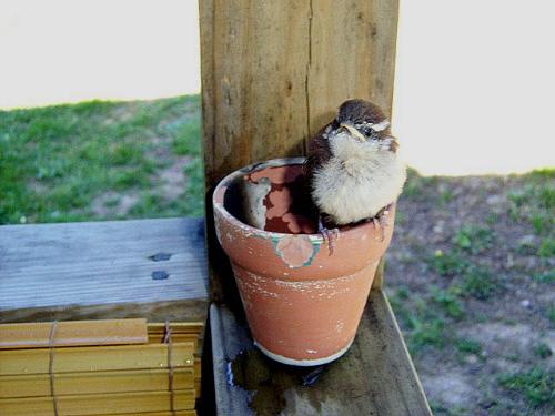 Lonesome bird. I found his brothers and sisters in the grape arbor and put him with them.
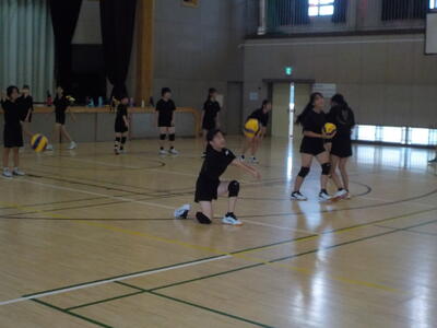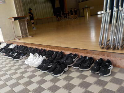 女子バレー部は、30人近い部員が意欲的に活動しています。プレーだけでなく礼儀や態度も素晴らしいチームです。(脱いだ靴を見ればわかります)
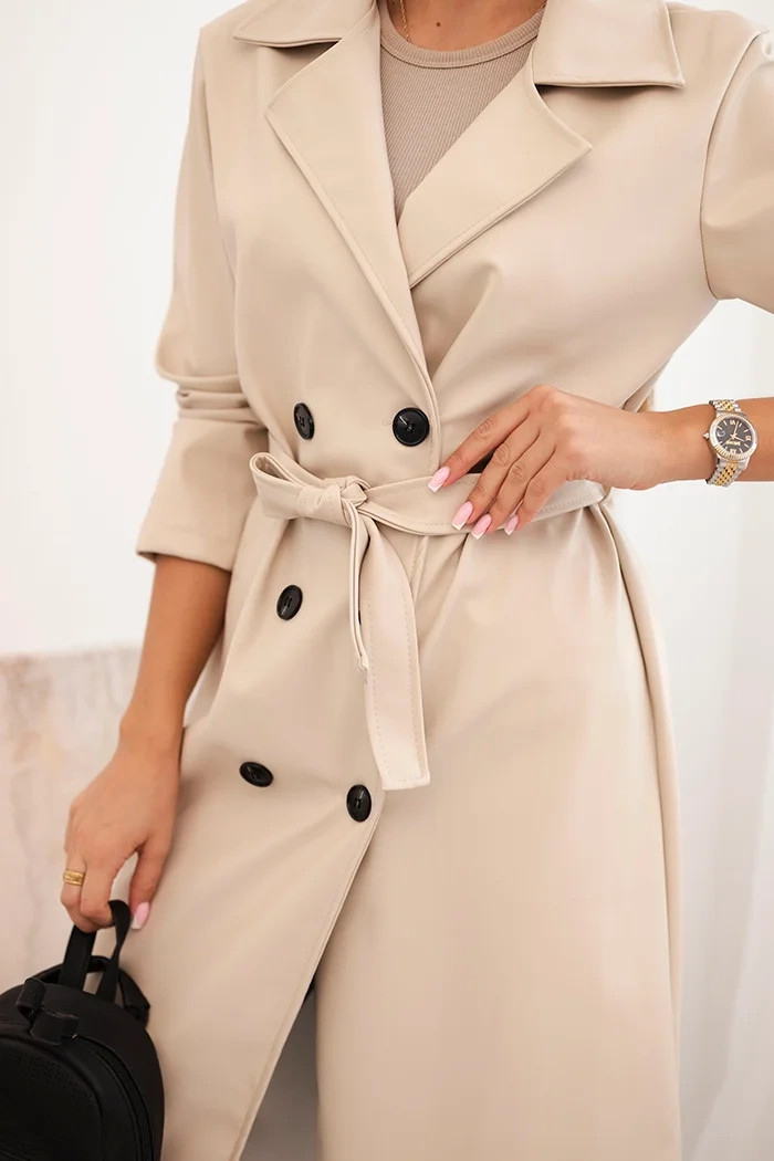 Elegantní dámský kabát s klasickým, prodlouženým střihem je skvělým návrhem na podzimní a zimní sezónu pro ženy, které ocení styl a pohodlí. Model je vybaven širokým límcem, praktickými kapsami a páskem v pase, který krásně zvýrazňuje siluetu. Délka nad kolena a dvojité zapínání na knoflíky dodávají kabátu elegantní, nadčasový charakter.

-- ASSIGNED TASK --
Every line of the material must be returned exactly; leave the images out.

-- YOUR SOLUTION --
 Lonesome bird. I found his brothers and sisters in the grape arbor and put him with them.
 女子バレー部は、30人近い部員が意欲的に活動しています。プレーだけでなく礼儀や態度も素晴らしいチームです。(脱いだ靴を見ればわかります)
 Elegantní dámský kabát s klasickým, prodlouženým střihem je skvělým návrhem na podzimní a zimní sezónu pro ženy, které ocení styl a pohodlí. Model je vybaven širokým límcem, praktickými kapsami a páskem v pase, který krásně zvýrazňuje siluetu. Délka nad kolena a dvojité zapínání na knoflíky dodávají kabátu elegantní, nadčasový charakter.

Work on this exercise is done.